Tuesday, June 25, 2013

Politician Rick Santorum To Make Faith-Based Movies, Presumably Not For Black People


Former Pennsylvania senator and failed presidential candidate Rick Santorum has a new career ahead of him, and it involves making faith-based movies as CEO of EchoLight Studios. Santorum, who ran a shockingly unsuccessful campaign based on not making black people's lives better...er, excuse me, "blah people's" lives, will use the Dallas-based production company "to produce, finance, market and distribute faith-based,family films across all releasing platforms.”

Santorum joined fellow religious huckster Mike Huckabee's television show to make the announcement...

“This is the right place and right time, and I’ve jumped in with both feet,” he said. “I often say that culture is upstream from politics, and I know entertainment also can be strength and light for people who want to be uplifted and reinforced in their values. Dallas can become the Hollywood of the faith-and-family movie market. And the keys are great content and economic success … using money from all over to build out the industry and distribute an authentic product truthful to the faith in people’s lives.”
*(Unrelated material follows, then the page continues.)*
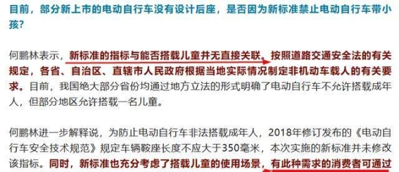 针对家长们的困扰,专家提出了解决方案。中国电子技术标准化研究院安全技术研究中心副主任何鹏林表示,虽然新国标取消了电动自行车的后座,但这一变化并不会影响车辆合法载人功能。他解释道,车主仍然可以在后衣架处安装儿童座椅,并按照新国标规定,合法地携带12岁以下的儿童。
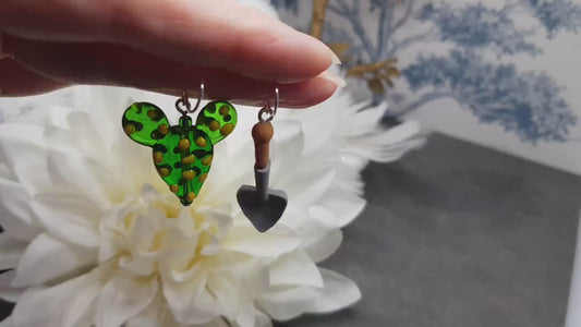 Glass Cactus Earrings, Trowel Earrings, Glass Jewelry, Hypoallergenic, Gardeners Earrings, Succulent Earrings, Gift Ideas, Green Earrings

Santorum comes aboard EchoLight just as they are preparing their first theatrical feature, The Redemption of Henry Myers, a Western drama about an outlaw who is spiritually and physically saved by a kindly woman who takes him in. The studio has a $20M war chest in place to begin developing other Christian-themed, family oriented films. Also on the way is a non-musical Biblical retelling of the story of Joseph, and Soul Surfer director Sean McNamara is directing Hoovey, a biopic on high school basketball player Eric Elliott, who had to relearn how to walk and talk after suffering a brain tumor.

Santorum singled out the faith-based Soul Surfer as a film that, while good, still wasn't quite religious enough....

"[That] was a good film, but it didn't accurately portray faith in that young lady's life and how she overcame what she had to overcome," Santorum said. "I don't want to preach to anybody, I just want to portray faith as it really is, and we're going to be telling a lot of true-life stories, and we're going to make them comfortable even for people who are not of faith, because they are honest. That's the challenge for us, and it's what Hollywood tends to shy away from."

Santorum's political  platform has always equated Christianity with being against marriage equality, against aiding the poor, and being pro-war, so if those ideals make their way into EchoLight's future projects it's doubtful they're going to find much of an audience outside of the state of Texas.